At the very least, I would recommend architecting your user data structure in a way that allows LCV to be aggregated around the following:

  • Acquisition channel hierarchy (eg Paid Advertising -> Google Adwords -> Some Campaign Name)
  • Geography hierarchy (Continent -> Country Code -> City)
  • Personal characteristics (gender, age, and whatever else is available from the platform you’re working on)

These three dimensions will give you a lot of flexibility in segmenting LCV values, and they’re all actionable — that is, you can launch targeted marketing campaigns to groups defined by these characteristics.

The two key components of LCV are obviously lifetime and value. As was discussed in the first post, lifetime (or, as I term it, “duration”) is calculated from retention rates. I track retention by storing a record for each user on each day they engage with the app. Each record contains columns for retention benchmarks; I use D1 – D7, D14, D30, and D365 (I also keep a boolean column to designate if this is the user’s first day). Each day, a process updates all relevant records for every user and sets the retention benchmark values to true if that day is DX. For example, if a user logs in seven days after registering, I set the D7 column in his first record to 1.

This approach creates extraneous data, but I like it for a two reasons. The first is that calculating retention rates with these aggregates is incredibly simple and versatile: it merely requires a sum of the retention columns (for percentages, this sum is divided by the count of records for the day being examined). The second is that it tracks not only new user retention, but retention relative to any date: retention rates can be tracked after the launch of a new feature, a major content push, etc.
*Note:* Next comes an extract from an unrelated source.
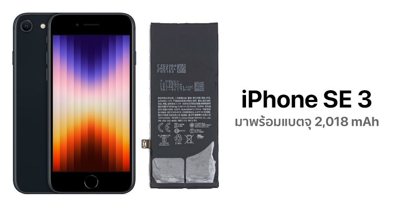 จากคลิปวิดีโอ PBKreviews เผยว่า iPhone SE 3 มาพร้อมกับขนาดความจุแบตเตอรี่เพิ่มขึ้นเมื่อเทียบกับ iPhone SE 2 รุ่นที่แล้ว จากเดิม 1,821 mAh เป็น 2,018 mAh ซึ่งสอดคล้องกับข้อมูลของ Apple ที่ว่า iPhone SE 3 ใช้งานได้นานขึ้นกว่าเดิม ซึ่งส่วนหนึ่งเป็นเพราะชิปเซ็ต Apple A15 Bionic ที่จัดการพลังงานได้ดีขึ้นด้วย

The second component of the LCV metric is value, or revenue. This is simpler: I track the revenue earned per user in their daily records. I explained in part one that I usually take a trailing daily ARPU value over some period of time. The time period you choose will invariably be influenced by externalities, and you’ll need to transform your data to account for these (and week-to-week cyclicality). This is a good primer on transforming time series data; the first answer to this question provides a good guideline for when (and how) to perform a log transformation on time series data. The bottom line: test your data for heteroscedasticity and expect to have to transform it.

Once you have duration and daily ARPU, you can calculate expected Lifetime Customer Value. And if you have oriented your data around the hierarchies mentioned above, you can calculate LCV with a granularity that should help you optimize your marketing spend.